• **Try it**
Give the data below again exactly as it stands. Omit the pictures.

• **Supplied material**

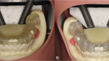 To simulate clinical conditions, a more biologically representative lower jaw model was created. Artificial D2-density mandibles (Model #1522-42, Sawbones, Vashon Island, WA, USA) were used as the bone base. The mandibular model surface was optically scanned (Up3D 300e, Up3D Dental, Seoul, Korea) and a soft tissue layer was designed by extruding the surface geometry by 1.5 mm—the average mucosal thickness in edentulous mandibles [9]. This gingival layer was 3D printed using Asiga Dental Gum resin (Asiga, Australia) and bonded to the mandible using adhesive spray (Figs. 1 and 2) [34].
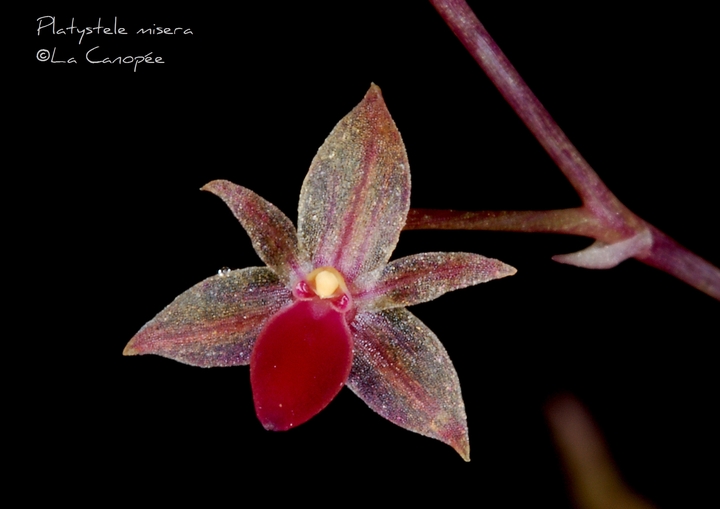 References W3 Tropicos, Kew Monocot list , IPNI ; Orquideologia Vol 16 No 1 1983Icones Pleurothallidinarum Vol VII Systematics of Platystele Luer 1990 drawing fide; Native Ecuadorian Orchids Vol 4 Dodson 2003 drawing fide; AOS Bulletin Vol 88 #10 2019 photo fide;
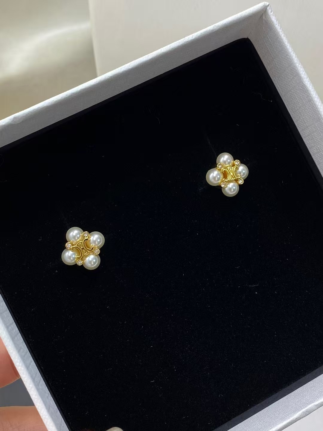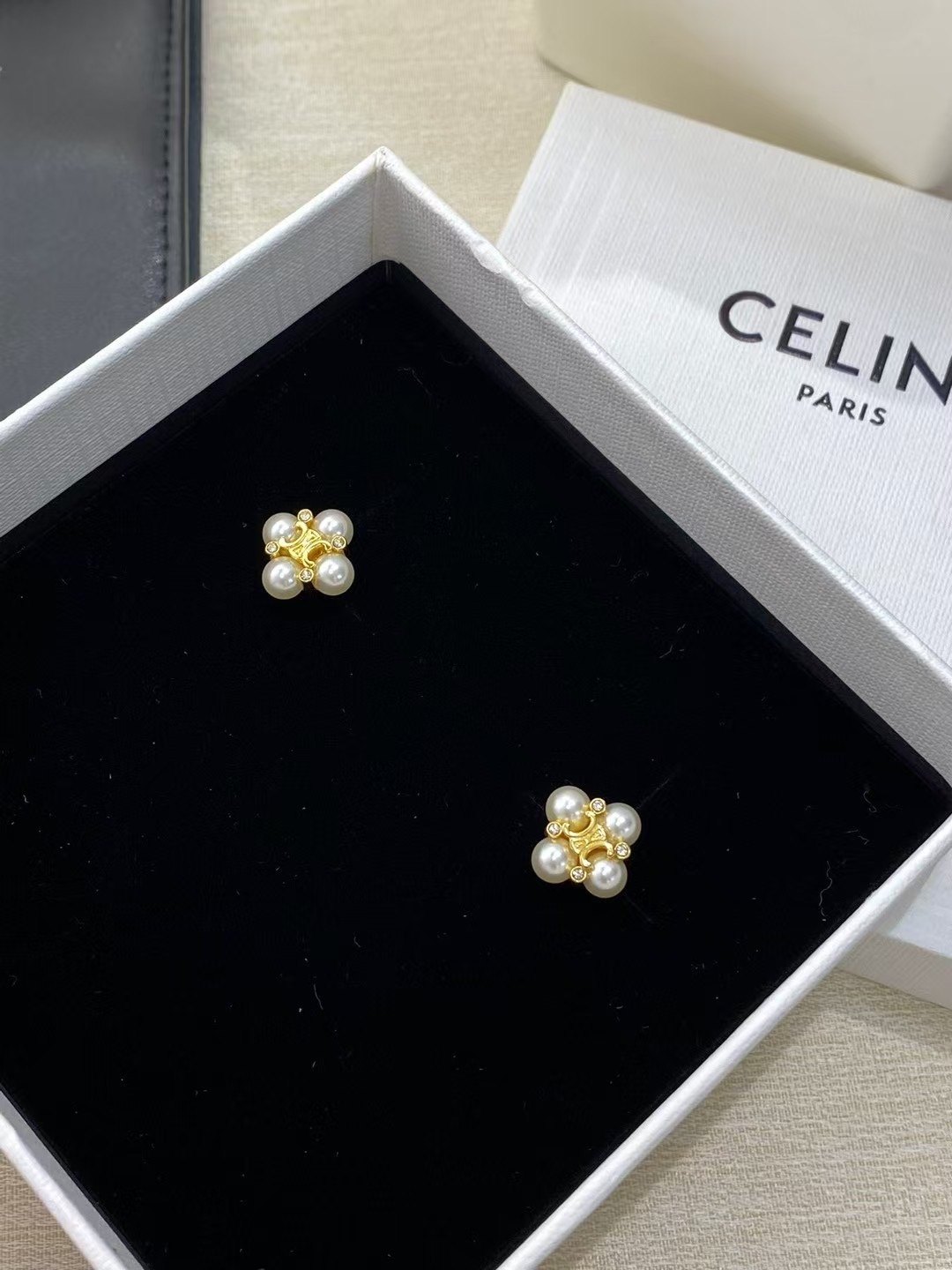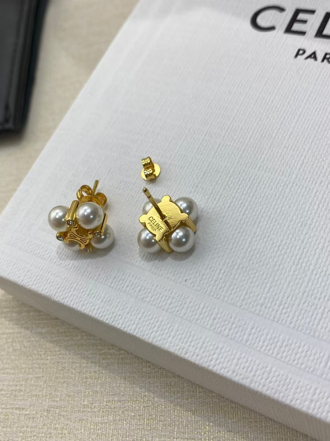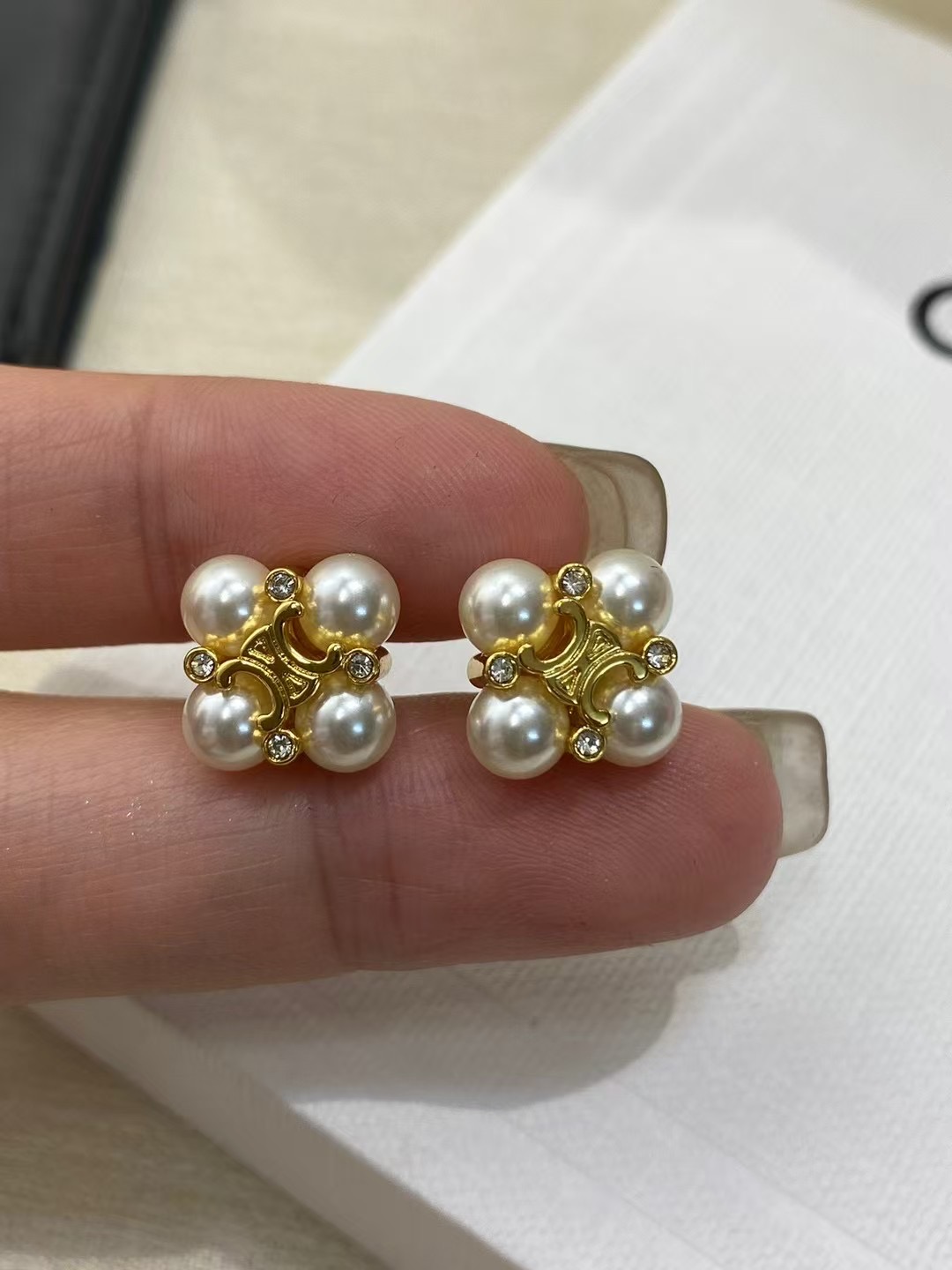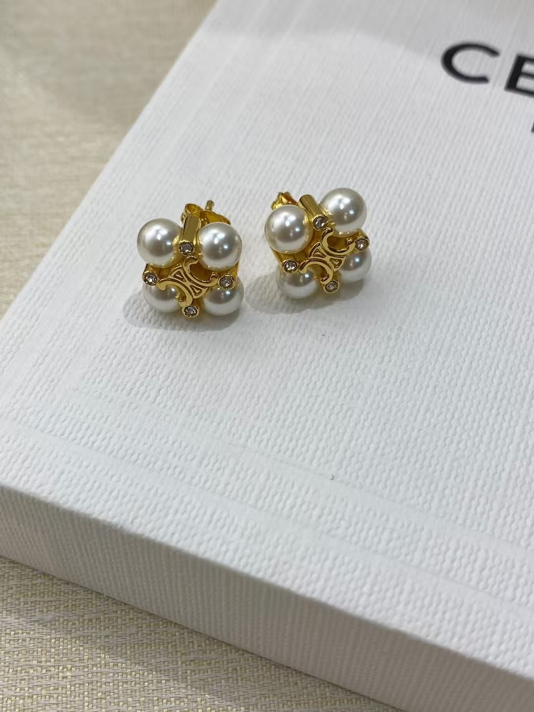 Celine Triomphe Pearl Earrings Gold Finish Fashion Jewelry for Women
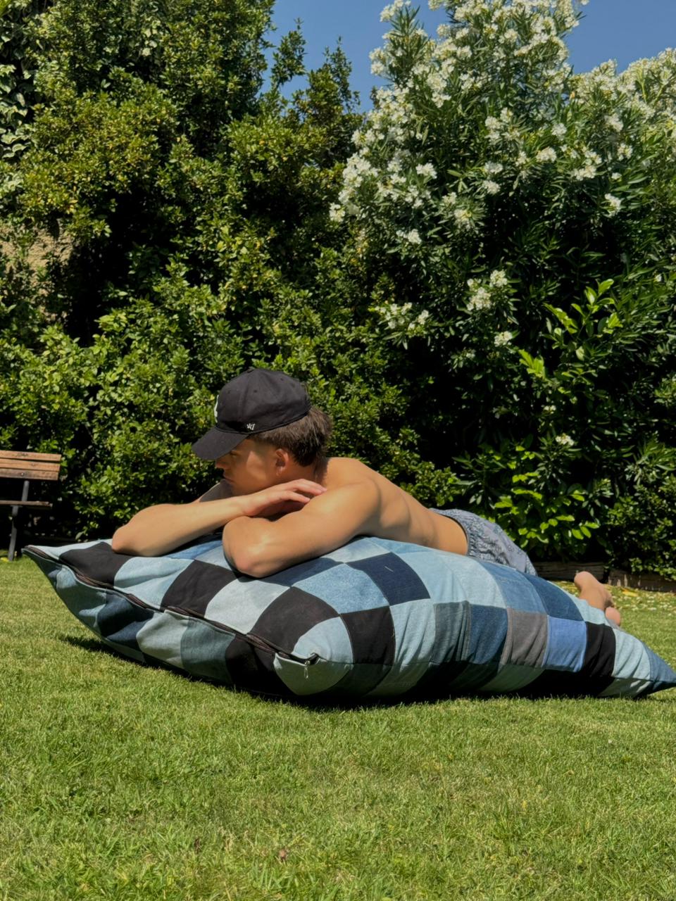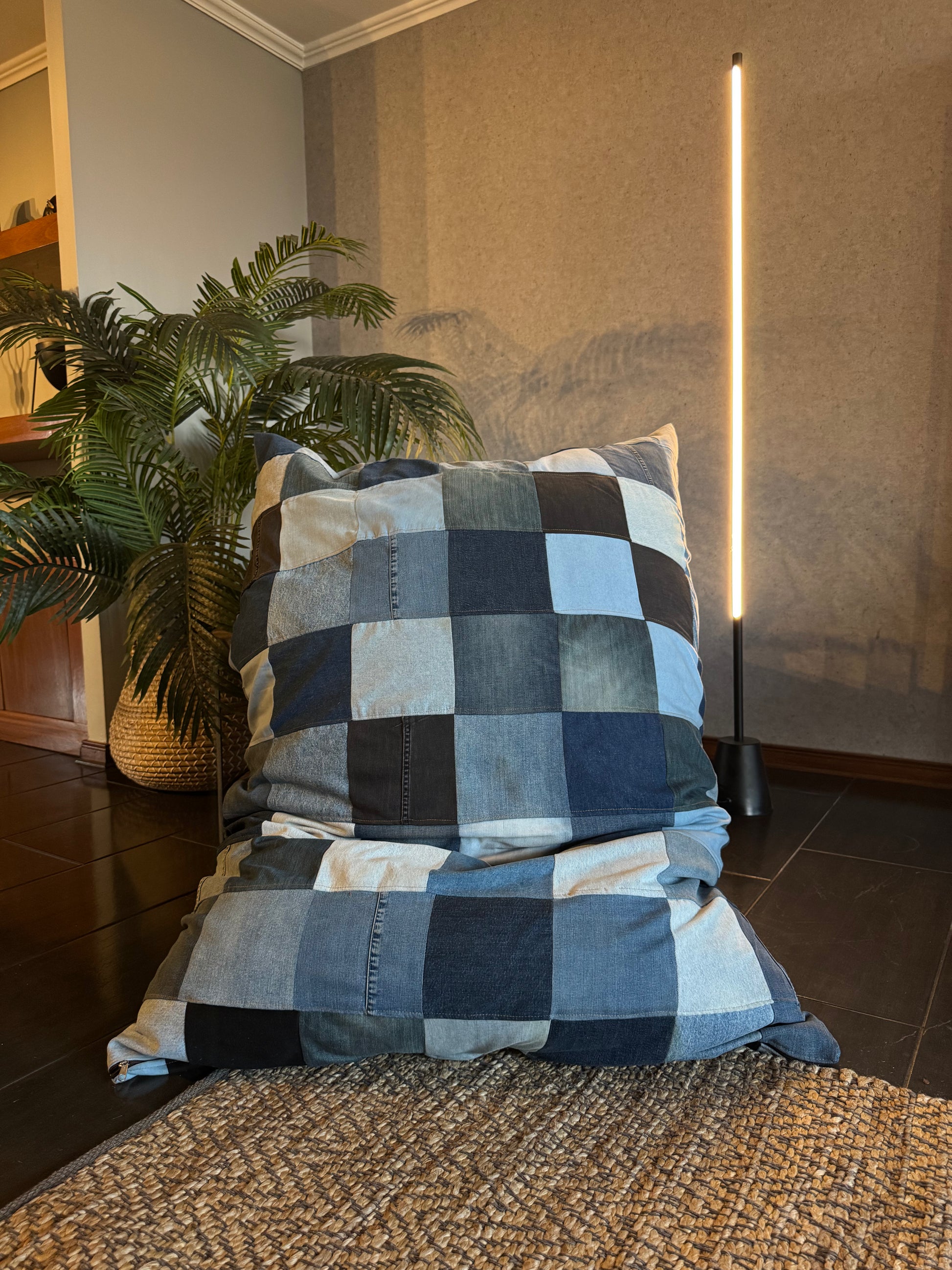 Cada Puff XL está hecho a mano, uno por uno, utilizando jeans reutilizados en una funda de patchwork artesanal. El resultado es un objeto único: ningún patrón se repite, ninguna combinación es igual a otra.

• **Completed exercise**
 To simulate clinical conditions, a more biologically representative lower jaw model was created. Artificial D2-density mandibles (Model #1522-42, Sawbones, Vashon Island, WA, USA) were used as the bone base. The mandibular model surface was optically scanned (Up3D 300e, Up3D Dental, Seoul, Korea) and a soft tissue layer was designed by extruding the surface geometry by 1.5 mm—the average mucosal thickness in edentulous mandibles [9]. This gingival layer was 3D printed using Asiga Dental Gum resin (Asiga, Australia) and bonded to the mandible using adhesive spray (Figs. 1 and 2) [34].
 References W3 Tropicos, Kew Monocot list , IPNI ; Orquideologia Vol 16 No 1 1983Icones Pleurothallidinarum Vol VII Systematics of Platystele Luer 1990 drawing fide; Native Ecuadorian Orchids Vol 4 Dodson 2003 drawing fide; AOS Bulletin Vol 88 #10 2019 photo fide;
 Celine Triomphe Pearl Earrings Gold Finish Fashion Jewelry for Women
 Cada Puff XL está hecho a mano, uno por uno, utilizando jeans reutilizados en una funda de patchwork artesanal. El resultado es un objeto único: ningún patrón se repite, ninguna combinación es igual a otra.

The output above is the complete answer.